In this study the dynamic load sharing behavior of a five planet double-helical planetary gear set was investigated experimentally on a back-to-back test rig. A high-frequency strain measurement at the planet pins was used to calculate the load share factors based on the bending strains. Comparing the load share under high rotational speeds with quasi-static conditions, the following conclusions and design recommendations can be drawn:

  • The load share factors determined under quasi-static condition are applicable for a wide operational range of speed and torque. Dynamic effects on the load sharing behaviour have to be considered only at very high speeds (also depending on the ressonance area of the gear meshes).

  • Although high-precision gears and components are used in this study, the results show relative large differences in load sharing under low load when comparing the individual planets. Thus, including the tolerance chain into the design process is recommended.
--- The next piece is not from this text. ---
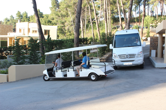 По территории отеля курсируют клабкар (электромобили)- их можно совершенно бесплатно вызывать, а между отелями, комфотрабельные мерседесы - ШатлБас

  • At high speeds and low loads, the load sharing behaviour is significantly influenced by the vibration behavior of the drive train. Resonance areas can lead to increased load share values and amplitudes. The operational range of the planetary gearbox should be checked for such ressonance areas (tooth numbers and masses) to avoid them during continous operation.

  • Not only the gear mesh affects the load share under high rotational speeds, but also the movement of the sun. This coincides with previous experiments in the literature [12]. A tradeoff between the adjustability of the sun to improve the load sharing for lower speeds and a reasonable bearing arrangement for high speeds is necessary.

Since these experiments are based on high precision gears and gearbox components, further investigations have to consider typical manufacturing and assembly errors, such as planet position errors or excentricities.